I have lost another one of my adorable dogs, the heartbreak is overwhelming :(((

Hi all

 

Some of you know about the terrible heartbreak I have encountered over the last 2 years but for the benefit of others I will explain.

 

In January 2013 I lost my gorgeous collie cross Sally. She had been diagnosed as having congestive heart failure in March 2012 but it was being controlled with medication. In December 2013 she was diagnosed as having lymphodema and it was very aggressive, she could not be given steroids as they would cause her heart to fail totally. When I got up on the morning of January 6th 1 front leg and 1 back leg was swollen terribly with fluid as a result of the cancer and she could not stand up. I had to have her put to sleep that day and my heart felt like it had been ripped out Smiley Sad Although I did not know her true age as she was a rescue, I believe she was around 16/17 so she had a good innings and she was spoilt rotten by me. I miss her and yearn for her snuggles every single day. xxx

 

In February 2013 I lost my dad, again to that vile disease that is cancer.

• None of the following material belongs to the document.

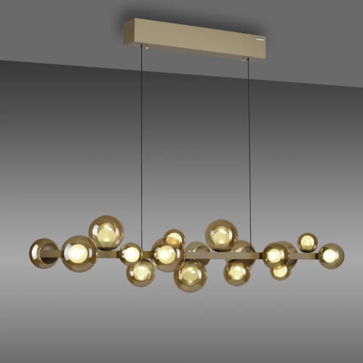 Die LED Pendelleuchte E-POPUP besteht aus 18 Glaskugeln, von denen die größeren amberfarbig getönt und die kleineren satiniert sind. In jeder Kugel befindet sich eine 1,8 Watt starke, fest eingebaute LED. Mit zusammen rund 32 Watt erreichen die LEDs eine Lichtleistung von 3.888 Lumen. Die Helligkeit ist dimmbar und die Farbtemperatur von 2.700 bis 5.000 Kelvin (Warmweiß bis Neutralweiß) justierbar. Eine Memory-Funktion ist vorhanden. Außerdem verfügt die Hängelampe über einen E-Lift(R)-Antrieb, der eine Einstellung der Höhe zwischen 45 und 240 cm erlaubt.
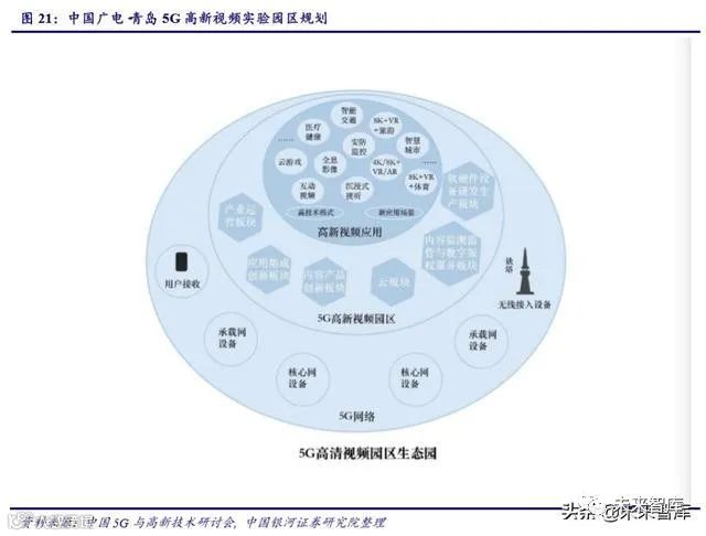 近年来随着 5G、VR、8K、人工智能物联网等新兴技术的快速发展,未来广电将加快 这些高新技术的运用,从而实现产业变革。以 2019 年 8 月发布的《中国广电·青岛 5G 高 新视频实验园区规划》举例,未来该园区将重点布局高新视频内容产品创新、高新视频云、 高新视频软硬件设备研发生产、高新视频应用集成创新、内容监测监管与数字版权服务、 高新视频产业运营等六大板块,以科技创新为支撑,以内容生产为核心,应用于沉浸式体 验、VR、AR 等多种新兴产业,构建高新视频新业态。

He had been diagnosed as having several brain tumours in July 2012 which they thought they could treat but in November 2012 we were told it was terminal and that it was throughout his body 😞 Again I miss him every single day, he was my best friend and just the most amazing person. xxx

 

In December 2013 I lost my gorgeous border collie Jess, she had a massive stroke and I rushed her to the vets of course but she had another stroke on the way there and she had to be put to sleep. Again she had a very good innings as she was 16. I miss her too and yearn for her cuddles every single day xxx

 

As time went on my remaining dog Molly (an aussie shepherd) got so depressed it was pitiful, she had lost both her pals within 12 months of each other and she was lost. At the end of January this year I rescued a 12 week old GSD Collie cross who had been badly neglected and was literally skin and bone. His name is Shadow and he is a big big bear and him and Molly were inseperable, she adored him and he her so despite my heartache I was happy that Molly was no longer depressed bless her xxx

 

Almost 6 weeks ago I kicked my partner out as I found out he was cheating on me but he had put me through hell for most of our 4+ years together so despite being crazy about it him once upon a time I was glad to see the back of him if that makes sense but nontheless it was painful initially but I am totally over him now as I was able to learn to despise him after everything he put me through (very long story).

 

Last Thursday evening my gorgeous Aussie Shepherd Molly took ill before my eyes, drooling, struggling for breath so I of course rushed her to the vets. She walked to the car but had to be helped in and again she needed lifting out when we got to the vets but she walked into the surgery albeit at a snails pace. As it was out of hours we had to wait for around 10 mins for the vet to finish off with someone else and by the time we were called in to the consulting room she could not stand up 😞 When the vet started to examine her she discover that Molly was paralysed in her back legs and when she examined her front she discovered that Molly could not see 😞 The vet said that she believed it was a massive brain tumour and I knew I had no choice but to have her put to sleep. At that point I collapsed, my legs buckled under me, I could not believe what was happening to my big bear, she was only 5 bless her. While the vet went off to prepare the injection and give us the chance to say our goodbyes Molly went into a massive seizure which was just totally horrific, my daughter was with us and I did my best to shield her from what was happening whilst shouting for the vet to come and end her suffering quickly as she was dying in my arms in much the same way as Jess did 😞 The vet could not find a vein so she had to inject straight into her heart.

 

I still cannot believe that she has gone and I honestly don't know how I am going to get through this, My heart feels like it has been ripped out of my chest, I have never known pain like it.

 

I love all my animals the same but when they are taken from us young you feel cheated, you expect to have them around for 15 years or so, the physical pain is just crippling me and I just do not know how to deal with this.

 

:(:(:(

 

xxx

PhotobucketAt last!! An ignore button!!!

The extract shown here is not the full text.